Cette année, ils étaient une demi-douzaine à s'atteler courageusement à cette tâche. "On y travaille à six, depuis février, c'est un gros boulot" reconnaît Mickaël Welker. Mais un boulot extrêmement gratifiant : "Ça nous plaît, on rejoint nos copains, on se revoit."
Pour ces jeunes, cette activité est aussi une manière de s'inscrire dans une histoire locale bien plus ancienne. En devenant ainsi, à leur tour, maillons d'une longue chaîne. "Je connais les "Fàckel" depuis que je suis né, et mon père en construisait déjà" confie Mickaël Welker.

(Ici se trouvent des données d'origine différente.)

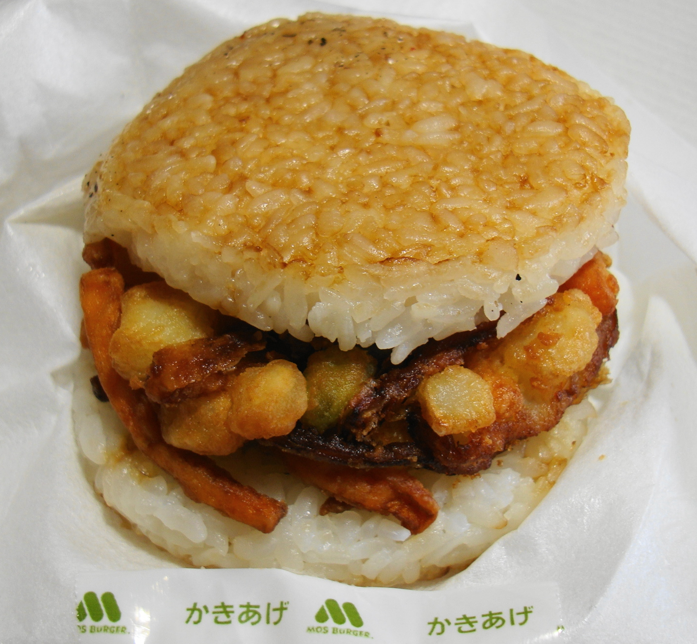 Close-up view of a MOS Burger rice burger "Kaisen-Kakiage Solt Tare sauce"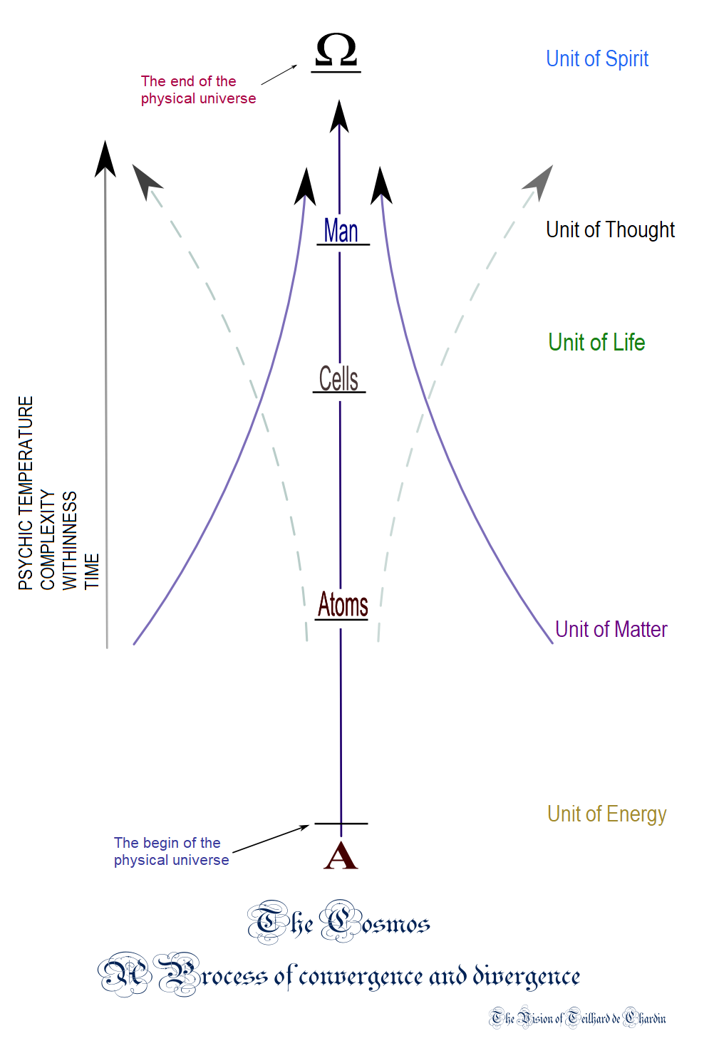 Entropy, Thermodynamics and Divergence, How is it possible to understand Singularity or how the the whole universe is structured under the second law of thermodynamics? Teilhard de Chardin had a vision and many explanations about it, his work is worth of further investigation

Il n'empêche. Il sait déjà que ce 25 juin, il vivra les feux de la Saint-Jean avec des sentiments mêlés. Même si c'est inéluctable, voir leur chef-d'œuvre livré aux flammes auxquelles il est destiné lui donnera "un pincement au cœur. On a mis tant de temps à le faire, et on le brûle" soupire-t-il.
Soultzbach-les-Bains, le franchissement du feu
A Soultzbach-les-Bains (Haut-Rhin), la particularité du bûcher n'est pas esthétique. Et il n'est pas encore construit. "Chez nous, c'est juste un gros tas assez conséquent de sarments de vigne", explique le maire de la commune, Jean Ellminger.
Ici, la prouesse est ailleurs. En effet, "à un moment donné, les conscrits sautent par-dessus le feu. Avec des chapeaux qui leur protègent la tête, et des foulards sur le visage" raconte le maire. Bien sûr, avec "toutes les mesures de sécurité" et en présence des pompiers.
"C'est un exercice qui demande du cran" reconnaît Jean Ellminger. Il est bien placé pour le savoir, car il l'a lui-même pratiqué dans sa jeunesse : "Je suis issu du village, et j'ai fait ça."
Tous les jeunes gens de seize à dix-huit ans sont concernés. Ils y participent "trois année de suite : la première année, on est apprenti, ensuite confirmé et à la fin on devient chef" précise encore le maire.
Cette tradition, très locale, "remonte à la nuit des temps". Autrefois, on racontait qu'elle avait une influence sur les futures récoltes, et sur la fécondité des couples du village.Son origine reste inconnue. Mais elle s'apparente manifestement à un rituel de passage à l'âge adulte, par lequel ces jeunes manifestent leur courage et leur virilité.